(Beginning of SOURCE DATA)
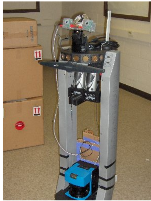
Fig. 1. The robot used in the study. As can be seen from the image, the robot has no distinguishing gender features.

The first step was to determine if the subjects perceived the different voices used in this study as equally understandable. One of the items on the post-experiment survey was intended to serve as a manipulation check in this regard. An Entity Type \times Voice Gender \times Subject Sex ANOVA of the ratings for the understandability item revealed a significant main effect for Voice Gender ( F(1, 36) = 4.90, p = .03 ) as
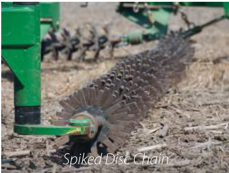
Spiked Disc Chain
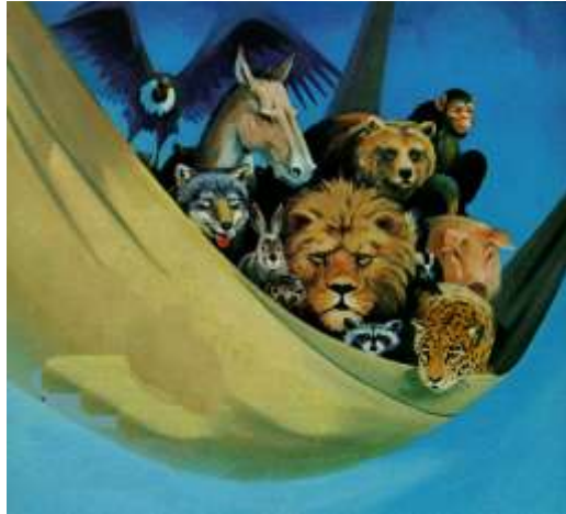
A voice from heaven commanded Peter to eat unclean animals.
(End of SOURCE DATA)
### WHAT THE TASK REQUIRES
A word-for-word copy of the data above is needed, one that omits the pictures.

### RESULT OF THE TASK
Fig. 1. The robot used in the study. As can be seen from the image, the robot has no distinguishing gender features.

The first step was to determine if the subjects perceived the different voices used in this study as equally understandable. One of the items on the post-experiment survey was intended to serve as a manipulation check in this regard. An Entity Type \times Voice Gender \times Subject Sex ANOVA of the ratings for the understandability item revealed a significant main effect for Voice Gender ( F(1, 36) = 4.90, p = .03 ) as
Spiked Disc Chain
A voice from heaven commanded Peter to eat unclean animals.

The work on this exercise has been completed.